Join us Thursday, Feb. 26 at 11 a.m. for a special seminar on how disturbances reshape Amazonian forests and their carbon, water and energy cycles.
This lecture focuses on forest disturbances and their role in regulating biosphere-atmosphere coupling in the Brazilian Amazon, with particular emphasis on deforestation, forest degradation, extreme droughts and fire. By integrating observations across multiple spatial scales — from leaf-level ecophysiological measurements to ecosystem-scale eddy covariance flux towers and satellite remote sensing — the presentation examines how disturbances reshape the exchanges of energy, water and carbon that underpin Amazonian forest functioning.
The talk highlights how both short-term extreme events, such as severe droughts and wildfires, and long-term pressures, including fragmentation and progressive degradation, fundamentally reorganize forest structure and ecosystem processes. These changes directly affect evapotranspiration, carbon uptake, and forest productivity, altering how Amazonian ecosystems function across disturbed landscapes. Particular attention is given to compound disturbances and evidence that repeated or overlapping stressors can push forest systems toward new functional states.
By synthesizing long-term observations with recent advances in remote sensing and flux measurements, the lecture offers a process-based view of Amazonian forest vulnerability and resilience under environmental change.
Speaker Bio
Dr. Gabriel de Oliveira is an Assistant Professor at the University of South Alabama and a Senior Scientist I at the Dauphin Island Sea Lab. He is also an Early-Career Fellow of the U.S. National Academy of Sciences (NAS) and an Ambassador of the American Geophysical Union (AGU).
Over the past 15 years, his research has focused on the Amazon, investigating how deforestation, fire and drought alter ecosystem processes and the exchange of water and carbon between the biosphere and the atmosphere. His work primarily integrates satellite remote sensing, field-based ecological measurements and eddy covariance flux tower observations to understand ecosystem functioning, disturbance impacts and resilience across tropical landscapes.

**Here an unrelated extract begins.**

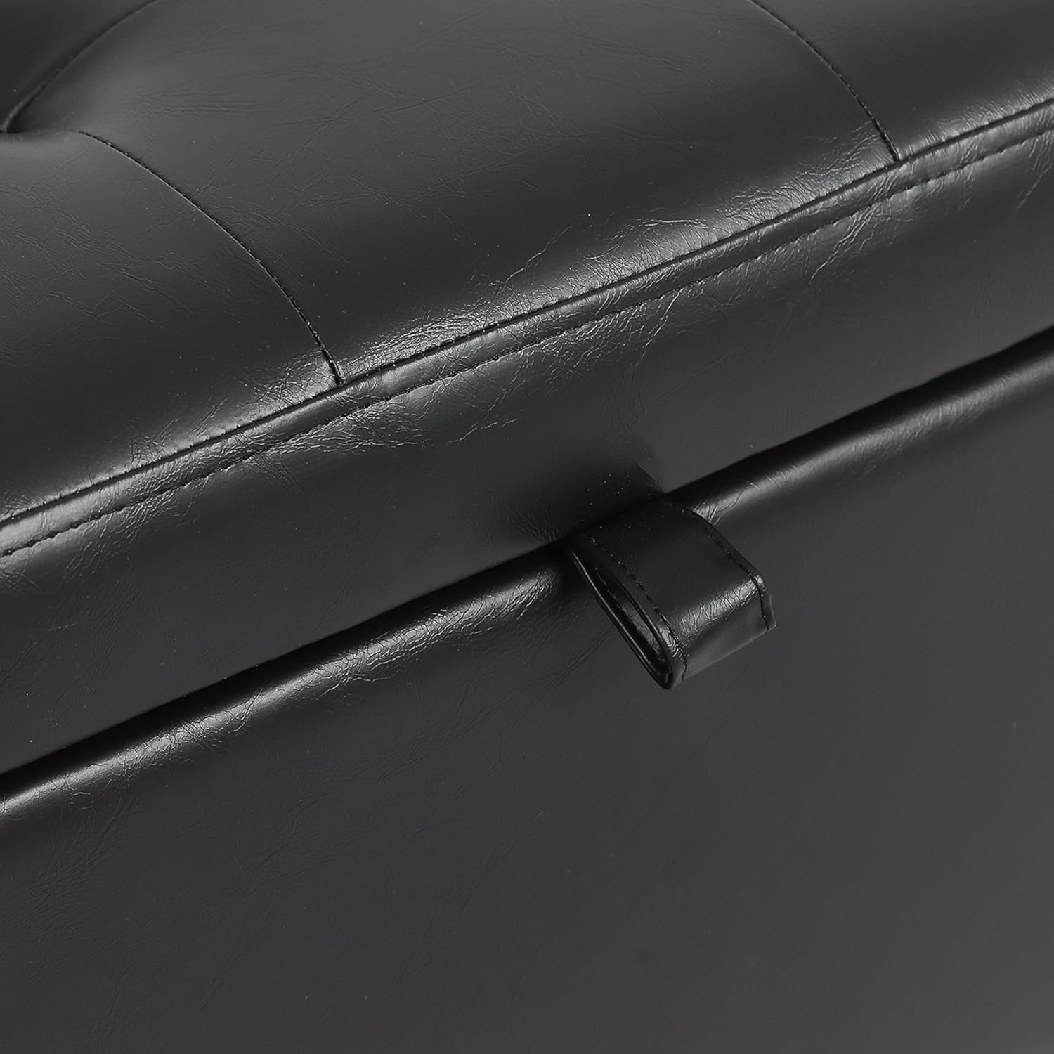 Adeco Faux Leather Storage Ottoman with Hinged Lid, 14 Inch High Black Square Cube Foot Stool with Storage, Upholstered Vanity Stool with Solid Wood Legs for Living Room, Bedroom, Dorm

He earned his BSc in Geography from the Federal University of Rio Grande do Sul (UFRGS), Brazil, and his MSc and PhD in Remote Sensing from Brazil’s National Institute for Space Research (INPE). He was a postdoctoral researcher at the University of Kansas and at the University of Toronto and has additionally served as a Distinguished Visiting Professor at Tel Aviv University, Israel.